The New Notes are being offered in a private placement and there will be no public offering of the New Notes. The New Notes will be offered and sold only to non-U.S. persons outside the United States in accordance with Regulation S under the U.S. Securities Act of 1933, as amended.

Forward-Looking Statements

Some statements in this announcement are forward-looking. They represent expectations for the Group’s business and involve risks and uncertainties. These forward-looking statements are based on current expectations and projections about future events. The Group believes that current expectations and assumptions with respect to these forward-looking statements are reasonable. However, because they involve known and unknown risks, uncertainties and other factors, which are in some cases beyond the Group’s control, actual results or performance may differ materially from those expressed or implied by such forward-looking statements.

Important Notice

THIS ANNOUNCEMENT IS FOR INFORMATIONAL PURPOSES ONLY, AND DOES NOT CONSTITUTE OR FORM PART OF ANY OFFER OR INVITATION TO SELL OR ISSUE, OR ANY SOLICITATION OF AN OFFER TO PURCHASE OR SUBSCRIBE FOR, ANY SECURITIES OF SMURFIT KAPPA TREASURY UNLIMITED COMPANY IN THE UNITED STATES OR ANY OTHER JURISDICTION; SECURITIES MAY NOT BE OFFERED OR SOLD IN THE UNITED STATES ABSENT REGISTRATION OR AN EXEMPTION FROM REGISTRATION. NOT FOR DISTRIBUTION OR RELEASE IN OR INTO ANY JURISDICTION IN WHICH OFFERS OR SALES WOULD BE PROHIBITED BY APPLICABLE LAW.

This announcement is directed only at persons who are: located outside the United States and are (a) persons in member states of the European Economic Area (the “EEA”), other than the United Kingdom, who are qualified investors (within the meaning of Article 2(1)(e) of the Prospectus Regulation (Regulation (EU) 2017/1129 (as may be amended or superseded)) and any relevant implementing measure in each member state of the EEA); (b) persons in the United Kingdom who are qualified investors and who are (i) investment professionals falling within Article 19(5) of the Financial Services and Markets Act 2000 (Financial Promotion) Order 2005 (the “Order”); or (ii) persons falling within Article 49(2) (a) to (d) (“high net worth companies, unincorporated associations, etc.”) of the Order; or (c) persons to whom it may otherwise be lawfully communicated (all such persons together being referred to as “relevant persons”).
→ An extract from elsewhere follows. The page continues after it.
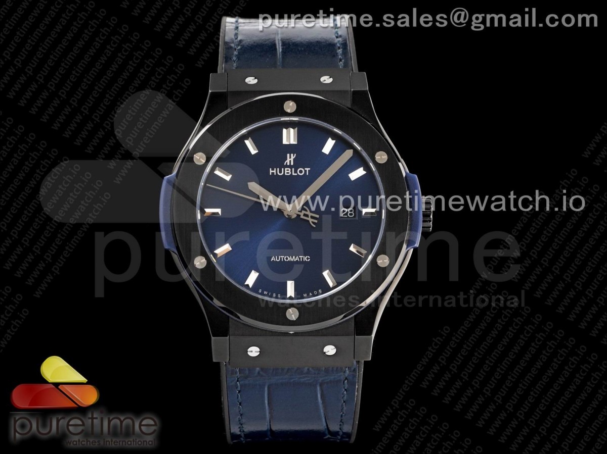HBF 위블로 클래식퓨전 PVD블랙 45미리 블루다이얼 블루거미스트랩 Classic Fusion 45mm PVD HBF 1:1 Best Edition Blue Dial on Blue Gummy Strap A2892

This announcement must not be acted on or relied on by persons who are not relevant persons. Any investment or investment activity to which this announcement relates is available only to relevant persons and will be engaged in only with relevant persons.

MiFID II professionals/ECPs-only/No PRIIPs KID. Manufacturer target market (MIFID II product governance) is eligible counterparties and professional clients only (all distribution channels). No PRIIPs key information document (KID) has been prepared as not available to retail in EEA.